# The women of sailnet - Years sailing



## Livia

I think the polls in the admin thread could be fun, especially if tweaked (and including all possible options - we'll see if I can do that!).

So, who are the women of sailnet?


----------



## Melrna

Me!  
Hopefully, proud owner of a Caliber 38 if the survey goes well next week. 
Melissa


----------



## sailhagg

Me too!


----------



## locrian13

I haven't been on in a long while, but me too!


----------



## eryka

me too!
would've posted sooner but just back from a glorious week sailing the USVI and BVI (smirk smirk)


----------



## eryka

Melrna said:


> Me!
> Hopefully, proud owner of a Caliber 38 if the survey goes well next week.
> Melissa


Well? This post is a week old, so are congrats in order?


----------



## TSOJOURNER

OK here's me, a relative newbie. Hubby and I sailed a day sailer (actually a racing boat, a Thistle) at barely controllable speeds during summers on a local lake, the past two years. We mostly avoided crash landings. 

Last year we spent the entire season shopping for a bigger more comfortable boat (my minimum requirements were: a cabin and a head). We traveled around the northeast looking everywhere. He wanted a C&C for speed and I wanted a Catalina for easy sailing. Finally we settled on a Catalina 27 that was already at our local lake; no shipping expense or hassles needed.

So this year we are enjoying going out every day possible and I am actually sailing the boat myself. It's enormous fun!


----------



## kymbie

Sorry I'm a bit late joining this thread.....

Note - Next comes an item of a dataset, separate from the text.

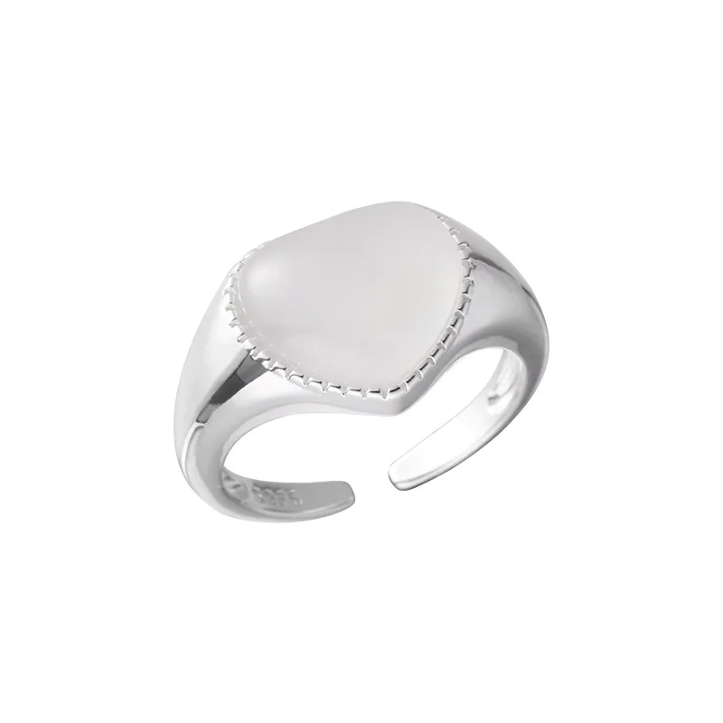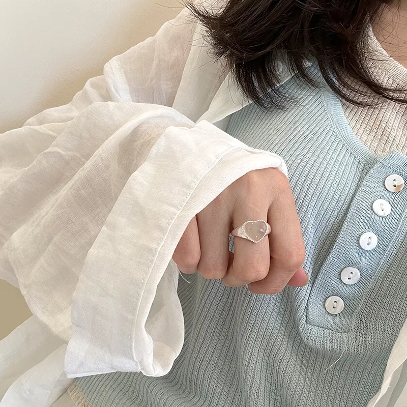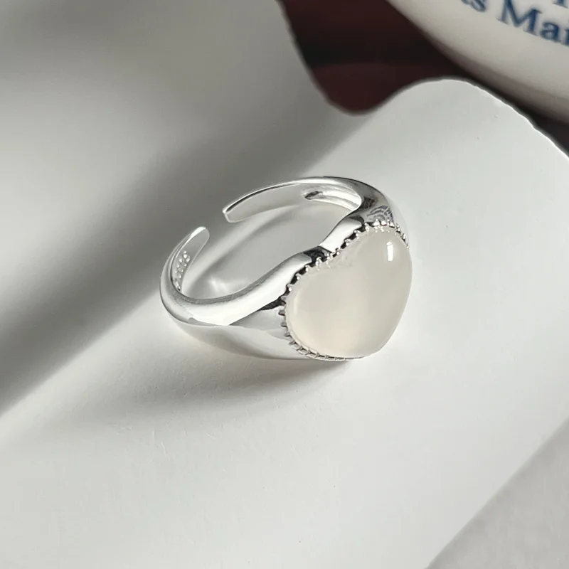 925 Sterling Silver Love Chalcedony Ring Female Simple Elegance Sweet Temperament Peach Heart Shape Opening Design Ring

Me and my husband just bought (last week) a 1984 Spindrift 43 that we plan to restore and then take on a 9 month trip from Texas back to the UK. This is the first boat that we have owned so it's a really exciting time at the moment, although the work ahead is a bit daunting!


----------



## deniseO30

Well, 2 yrs ago I sold my hunter 23, and bought my Oday 30, my son was sure I bought it "for him" meaning he thought it was my way to have more time with him. Actually that was not even part of my thinking process to get a 30ft or larger boat! Anyway the kid is 27,and is not staying with me now. I'm having a blast sailing my boat! I don't even think of asking people to come sailing anymore! having the mainsail set up for single handing from the cockpit helps allot. I do plan to take a solo trip to Chesepeake bay soon. I really want to hit cape may in October but that is doubtful. 
fair winds ladies!


----------



## Gadagirl

I sailed between the ages of 14-22 aboard my fathers' boat in NJ and on the Chesapeake. Mostly weekends in the summer. Moved far away, and was then land locked. About the age of 42, the urge to be on the water resurfaced in a most compelling way! So, for the past 5 years I have been getting out on the water as often as I can; reading, learning, and planning. My youngest graduates HS next spring so I'll be free and clear to sell the house and pursue sailing more. I'm shaking off the rust and looking forward to future cruising! I find the women solo sailors to be very inspiring. Keep the reports and tales coming, I love reading them 

Judy


----------



## Melrna

Welcome Judy! Glad to see you here! Where do you sail?


----------



## Gadagirl

Hi Melisa! Thanks for the welcome! I sail with some new found friends upon the Chesapeake. Of course, my passion and obsession can have me traveling anywhere along the east coast or the Caribbean! Lot's of FF miles and a really cool boss! Where in Fl are you?


----------



## Melrna

If you ever get to the Miami area look me up. My boat is in Key Biscayne. 
Rickenbacker Marina to Rickenbacker Marina | The Revolution


----------



## Gadagirl

I will definitely try to look you up. Thanks for the invite! I'm sure I can learn a lot from you.

Judy


----------



## mandybr

I'm new here and to sailing. The husband and I are taking our basic keelboat at the end of the month and are beyond excited.


----------



## TSOJOURNER

Hi Mandy and welcome. This is my first year of sailing too. There's a lot to learn by reading here at Sailnet.


----------



## Melrna

Let me add my welcome as well to Mandy. What school are you using and where in FL.. I am in Key Biscayne.


----------



## mandybr

I'm in Tampa but we are going to SaraBay Sailing School in Sarasota- had the best price and were the most flexible. 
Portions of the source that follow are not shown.